The U.S. Market Sell-Off Is Not A Bear But A Bargain

by: Darryl Date-Shappard


The market sell-off is not an oncoming bear market - just a correction like 1998.

The market factors don't match those in 2008, and the U.S. stock market is not at an overheated level.

1998 had overseas causes, but they were not able to cause a bear market.

Investors should be out looking for bargains rather than doomsday scenarios.

What a difference one week makes. The S&P 500 was already seen as losing its momentum in June as the index slowly started rounding off and advances were smaller. Yet after just three trading days from August 20, investors were already wondering if this is the start of the next bear market.

The Chinese stock market and its China Shanghai Composite Index are undulating due to stress from several sources. Since China is a major economy now, more weight has to be given to its influence on the global economy. And so it has because the ongoing bear market in China reached over and clawed the U.S. market for a total 10.3% fall with the close of Tuesday.

As soon as the market falls heavily, people's minds recall previous bear markets. Are we in for another 2008?

To me, this is simply a correction like in 1998, so investors are better off picking up the bargains Mr. Market has thrown out.

A 2008 bear? No, the financial markets aren't in disarray as they were then. The stock market's relative valuation may be in the overbought range, but the financial markets aren't overheated, needing the Fed to tighten the screws to control inflation and "irrational exuberance". To the contrary, the Fed may have to postpone raising rates just to keep the drip feed of money in the market going. At this point 2008 doesn't resemble current conditions on the most part.

Also, what made 2008 and the subsequent Global Financial Crisis so much worse was the U.S. sold residential backed mortgage securities into other major markets. Effectively, the financial weakness and fragility built into the leveraged securities were exported, causing maximum spread of collateral damage outside of the U.S. The consequences of those credit and liquidity implosions are still reverberating throughout the system.

1998 had elements in the domestic market sending the U.S. stock market down, but the origins were coming from overseas, so that is at least is similar to the current China woes. The Asian Financial Crisis had just occurred in 1997, weakening foreign trade and stock exchanges in the region. It started in July and threatened to bleed into international markets.

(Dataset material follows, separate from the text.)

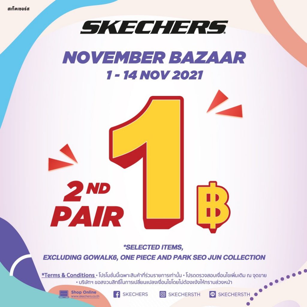 SKECHERS (สเก็ตเชอร์ส) แบรนด์กีฬาและไลฟ์สไตล์ชั้นนำสัญชาติอเมริกัน เซอร์ไพรส์ลูกค้าด้วยโปรโมชันแรงที่สุดที่เคยมีมากับแคมเปญ ซื้อชิ้นที่ 2 ในราคา 1 บาท – SKECHERS NOVEMBER BARZAAR BUY 1 GET ANOTHER 1 For 1฿ !! โดยมีสินค้าให้เลือกหลากหลาย ทั้งสินค้าไลฟ์สไตล์แฟชั่นรุ่นท็อป สินค้ากีฬาสายเพอร์ฟอร์แมนซ์ ตั้งแต่หัวจรดเท้า ทั้งเสื้อผ้า, หมวก, กระเป๋า และสนีกเกอร์รุ่นดัง รวมถึงสินค้าสำหรับเด็ก SKECHERS Kids ฯลฯ เพียงช้อปสินค้าใดก็ได้ 1 ชิ้น สามารถเลือกซื้อสินค้าอีก 1 ชิ้นในราคาพิเศษเพียง 1 บาทเท่านั้น!*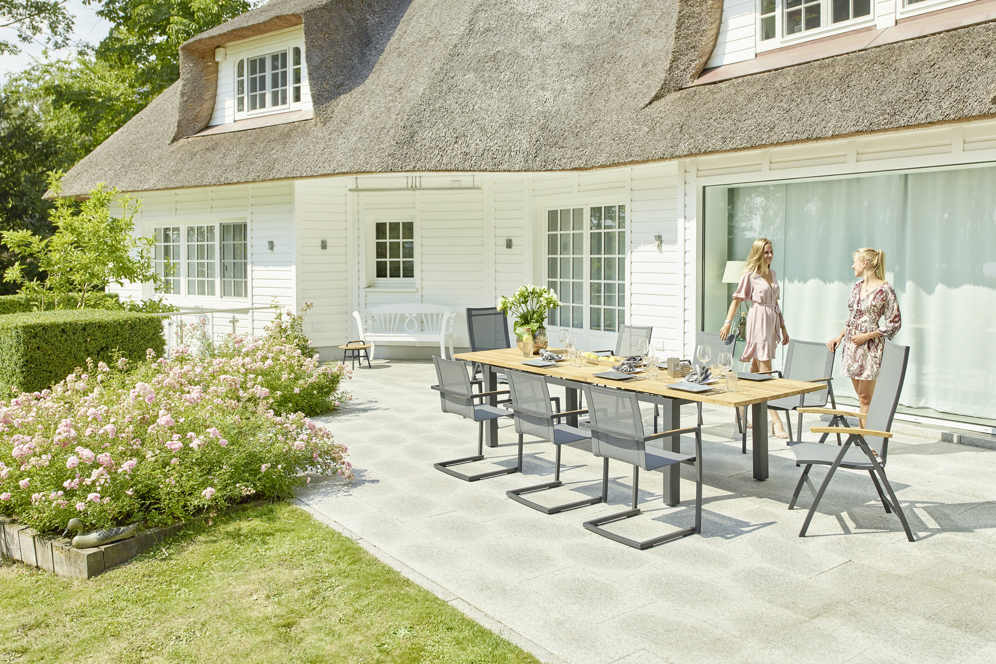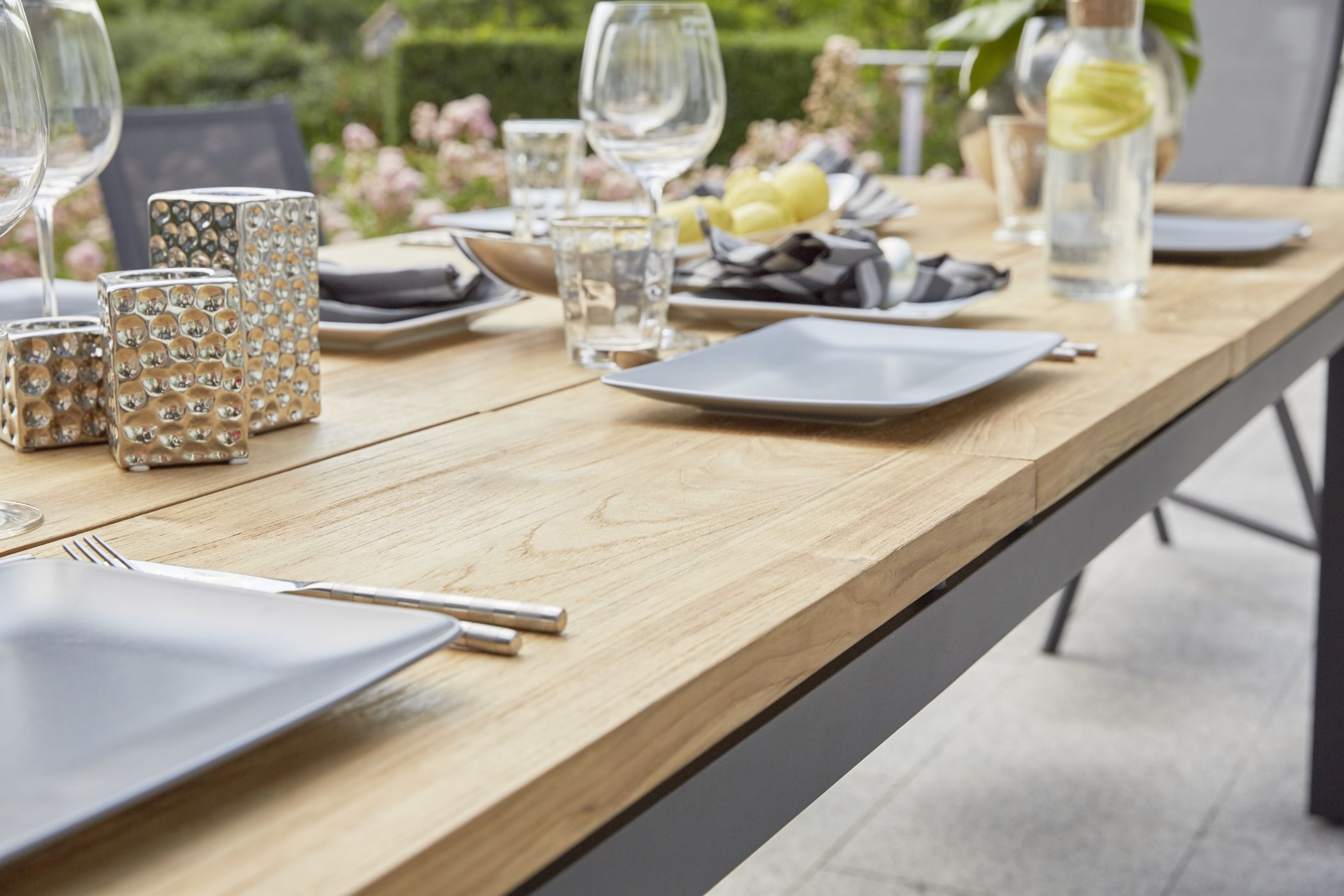 Der Porto Ausziehtisch ist die perfekte Wahl für alle, die Flexibilität und Stil in ihrem Outdoor-Bereich suchen. Das stabile Edelstahlgestell in pulverbeschichtetem dunkelgrau sorgt für eine moderne, zeitlose Optik und hohe Langlebigkeit, während die Tischplatte aus drei Planken Recycled Teak-Holz dem Tisch eine natürliche und warme Ausstrahlung verleiht. Mit seinem cleveren Ausziehmechanismus lässt sich der Tisch mühelos auf bis zu 2,70m oder 3,20 m erweitern – ideal für größere Zusammenkünfte oder Familienfeiern im Freien. Die Zusatzplatte lässt sich einfach und platzsparend unter dem Tisch verstauen, indem sie zusammengeklappt wird. So bietet der Porto Ausziehtisch sowohl Funktionalität als auch Design und passt sich jederzeit Ihren Bedürfnissen an.

What did the U.S. stock market do? The S&P 500 rallied upwards until the 1998 correction happened. The Russian currency default had probably a more direct influence on the U.S. because of high leverage that collapsed when the currency bets soured. Long-Term Capital Management was a big offender then, scaring the market with a potentially rolling financial market threat caused by the dizzying leverage that blew up in their face.

Still, the 1998 correction was about 20% from top to lowest point, and then the bull market rebounded and resumed its climb from there. The S&P 500 rolled over eventually in August 2000, a little less than two years later. I see this current correction simply as that- a correction. It may go a little further, but it is most likely to turn back up in a relatively short time. That's why it is a buying opportunity in stocks like a 15% discount sale in a supermarket.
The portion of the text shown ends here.